This part is about skills and character progression. (Number 1, 2, 3)
Right from the beginning it was clear that skill would have a level, that they would be used for bonus dice, narrating facts and some special function, like attacking, healing, defending. The set of special applications changed a lot. In the end, there were eight main types.
But how would skill levels be assigned? I wanted to make it simple. One experience point should be one skill level. Taking inspirations only from the best, I borrowed FATE's skill pyramid, but turned into stairs. In FATE, a character need always more skills at level n-1 than at level n. In B&B, a character must have at least one skill at every level from 1 to n.

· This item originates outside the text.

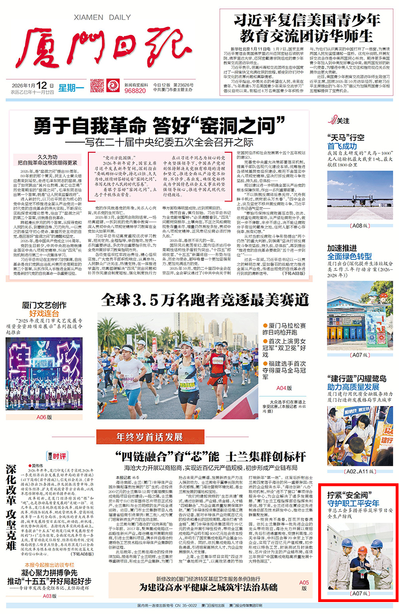 连日来,厦门市总工会立足工会职能、紧扣中心工作,接连印发《关于做好2026年元旦春节期间安全生产工作的通知》与《安全生产工作提示函》,拧紧岁末年初安全生产“责任阀”。从工会系统内部动员到面向全市用人单位精准提醒,层层压实责任、强化监督提醒,推动安全生产各项措施落细落实,切实为全市经济社会平稳运行和职工群众安居乐业夯实安全底座。

This method is very clever way to have a character level, without having a character level. In D&D3 for example, there is hard cap based on character level. In FATE, there is an implicit cap: the highest possible pyramid you can build with a certain number of skill points. In my experience, such caps are the only way to reliably prevent characters getting too powerful. Other games use escalating costs for higher skill level. Higher level calculation aside, I don't think escalating costs do what they should. They are supposed to encourage buying a more diverse set of skill for a character. In my experience, players will only save longer to buy their favorite skills, thereby doing the opposite.
Next, I introduced add-ons to skills. These include specials like attacking several targets, healing in the fray, summoning better followers. Stuff like that. They are not always active, but require a special condition. There is a common list for conditions and a specific list of add-ons for each type of skill.
The concept is very similar to SFX in the new Marvel Heroic RPG by Cam Banks et al. That's coevolution, mind you, so I'm very glad that I have similar ideas as the guys at MWP. Unlike heros in MHRPG, heros in B&B shouldn't have add-ons to every one of their skills.
In the beginning, I tried to grant a bonus to skills without add-ons. But that didn't feel right. A simple skill should be just plain worse than an augmented one. The final solution was surprisingly simple and addressed another issue as well. It goes like this: Characters can only have add-ons to half their skills. Round down.
Again a hard cap was simpler than incentives, and more effective. In addition, this rule proved to be a further incentive to spread a character's skill set. A character with more skills at lower levels will have more add-ons.